Of the engagement at Royal Papworth, Craig Hallett, General Manager at Fysicon UK, said: “The timing of go-live to coincide with the move to such a wonderful new hospital in 2020 was very fitting. It’s amazing that we were able to go live in the middle of a pandemic…a great testament to all of those involved in the process from all parties.”
Alcidion’s new tech Miya Precision nets two trusts
Miya Precision, a new technology for healthcare teams from supplier Alcidion, was launched to the NHS in 2020.
Known as a ‘smart clinical asset’ it is intended to alleviate ‘clinical cognitive burden’, deliver ‘intelligent clinical decision support’ and automate routine tasks across UK hospitals and regions.
Two trusts are using the Miya Precision suite: Dartford and Gravesham NHS Trust, and South Tees Hospitals NHS Foundation Trust.
Miya Precision claims to be the first smart clinical asset in the NHS. It is said to ‘orchestrate management of information across disparate systems’ and offer a ‘unified and intuitive user interface’.
The solution has a suite of modules supporting areas such as: clinical noting, natural language processing, electronic observations, electronic prescribing, flow management and mobility.
More than 40 UK hospitals already use the company’s Patientrack system, which is part of the Miya Precision suite and has been used by healthcare teams to ‘enhance patient outcomes and safety with major reductions in cardiac arrests, ICU admissions’ and better management of conditions including AKI (acute kidney injury) and sepsis.
Andrew Adair, CCIO at South Tees Hospitals NHS Foundation Trust said of its potential impact: “Our agreement with Alcidion will allow us to accelerate our digital maturity and adopt modern technology that will have a very significant positive impact on the daily lives of the people who use it.
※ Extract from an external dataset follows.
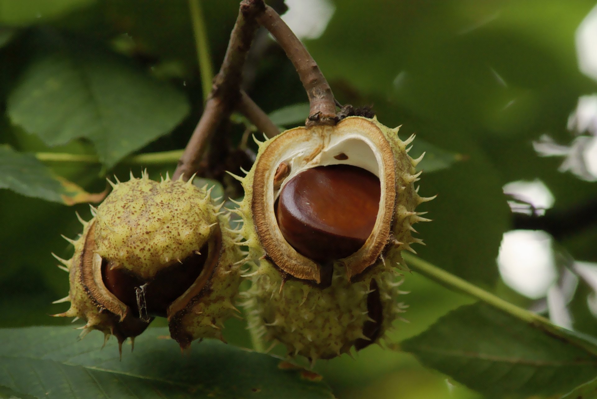 Châtaignes mûres sur une branche parmi le feuillage

“The systems we are about to implement will help to lighten the burden faced by clinical staff who are working fantastically hard, by reducing time spent on manual processes and providing some extremely impressive clinical decision support tools.”
While Neil Perry, director of digital transformation at Dartford and Gravesham NHS Trust added: “It provides a catalyst for us to harness digital technology in ways that allow our clinical staff to make informed decisions more easily, whilst focussing their time and efforts on delivering the best possible patient care and clinical outcomes.”